"A dor nas costas vem das costas, a dor de estômago vem do
estômago, a dor de cabeça vem da cabeça.
E sua dor existencial, vem de onde?
Ela vem da história que você meio que viveu, meio que criou – é sabido
que contamos para nós mesmos uma narrativa que nem sempre bate com os fatos.
Nossa memória da infância está repleta de fantasias e leituras
distorcidas da realidade.
Mesmo assim é a história que decidimos oficializar e passar adiante, e
dela resultam muitas de nossas fraturas emocionais.
Nossa dor existencial vem também do quanto levamos a sério o que dizem
os outros, o que fazem os outros e o que pensam ou outros.
Uma insanidade, pois quem é que realmente sabe o que pensam os outros?
Pensamos no lugar deles e sofremos por esse pensamento imaginado.
Nossa dor existencial vem dessa transferência descabida.

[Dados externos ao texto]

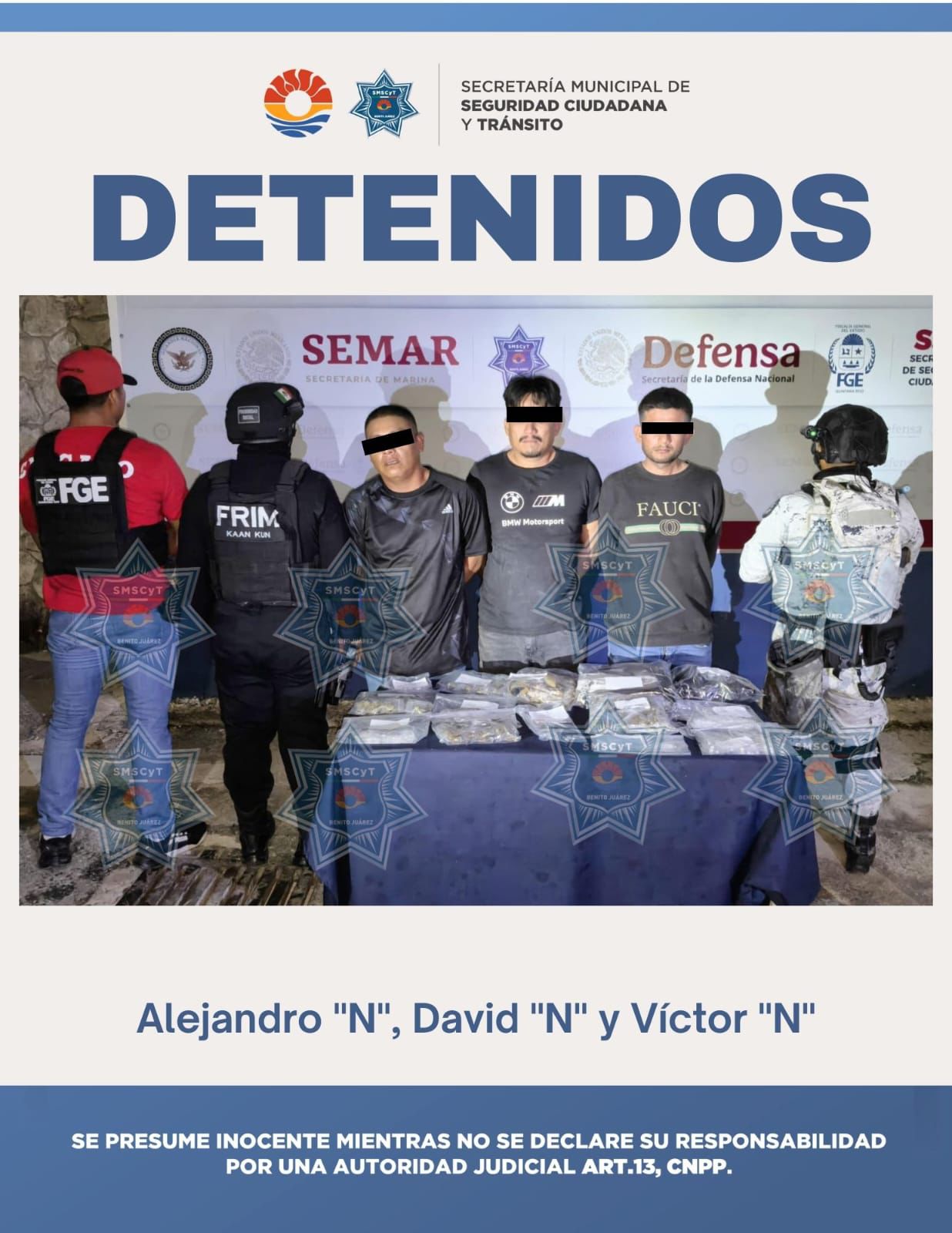 En una acción contundente para recuperar la tranquilidad en el municipio, elementos de la Secretaría Municipal de Seguridad Ciudadana y Tránsito, en conjunto con la Guardia Nacional y la Fiscalía General del Estado, lograron la captura de tres sujetos. Los implicados fueron sorprendidos en la Supermanzana 102 mientras manipulaban diversas sustancias ilícitas junto a un vehículo blanco. Esta detención representa un golpe importante a las estructuras locales que se dedican a los actos ilícitos de narcotráfico en la región.

Nossa dor existencial, além disso, vem de modelos projetados como
ideais, a saber: é melhor ser vegetariano do que comer carne, fazer faculdade
de medicina do que hotelaria, namorar do que ficar sozinho, ter filhos do que
não ter.
E isso tudo vai gerando uma briga interna entre quem você é e entre quem
gostariam que você fosse, a ponto de confundi-lo.

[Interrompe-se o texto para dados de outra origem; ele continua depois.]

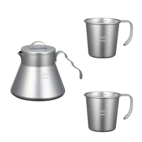 하리오 아웃도어 메탈 커피 서버 & 컵 2P

Existe mesmo uma lógica nas escolhas?
Como se não bastasse, nossa dor existencial vem do que não é escolha,
mas destino: quem é muito baixinho,ou tem cabelo muito crespo, ou é pobre de
amargar, ou tem dificuldade de perder peso vai transformar isso em uma pergunta
irresponsável - por que eu? - E a falta de resposta será uma cruz a ser
carregada.
Nossa dor existencial vem da quantidade de nãos que recebemos,
esquecidos que somos de que o "não" é apenas isso, uma proposta
negada, um beijo recusado, um adiamento dos nossos sonhos, uma conscientização
das coisas como elas são, sem a obrigatoriedade de virarem traumas ou convites
à desistência.
Nossa dor existencial vem do bebê bem tratado que fomos. Nada nos faltava,
éramos amamentados, tínhamos as fraldas trocadas, ninavam nosso sono, até que
um dia crescemos e o mundo nos comunicou: agora se vire, meu bem.

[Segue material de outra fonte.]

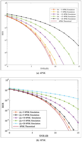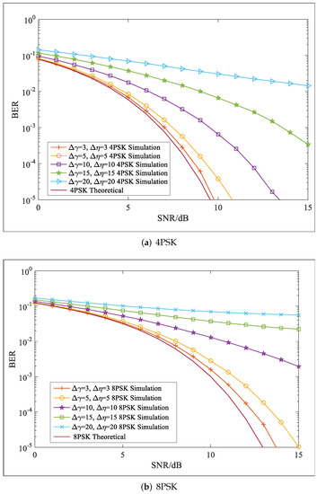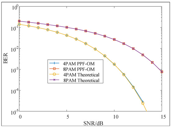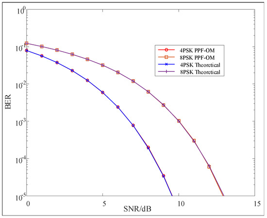 Next, 4PAM and 8PAM were replaced by 4PSK and 8PSK, respectively, and the BER curves are shown in Figure 5. We found that the BER curves approached the theoretical ones, which had the same results as the PAM technique.

Injustiça fazer isso com uma criança! Ou alguém aí por acaso deixou de
ser criança?
Nossa dor existencial vem da incompreensão dos absurdos, da nossa revolta pelos
menos favorecidos, da raiva por não atenderem nossos chamados, por cada
amanhecer cheio de promessas, pela precariedade das nossas melhores intenções e
pela invisibilidade que nos outorgamos: por que nunca ninguém nos enxerga como
realmente somos?
Dor de dente vem do dente, dor no joelho vem do joelho, dor nas juntas vem das
juntas.
Nossa dor existencial vem da existência, que nenhum plano de saúde
cobre, de tão difícil que é encontrar seu foco e sua cura".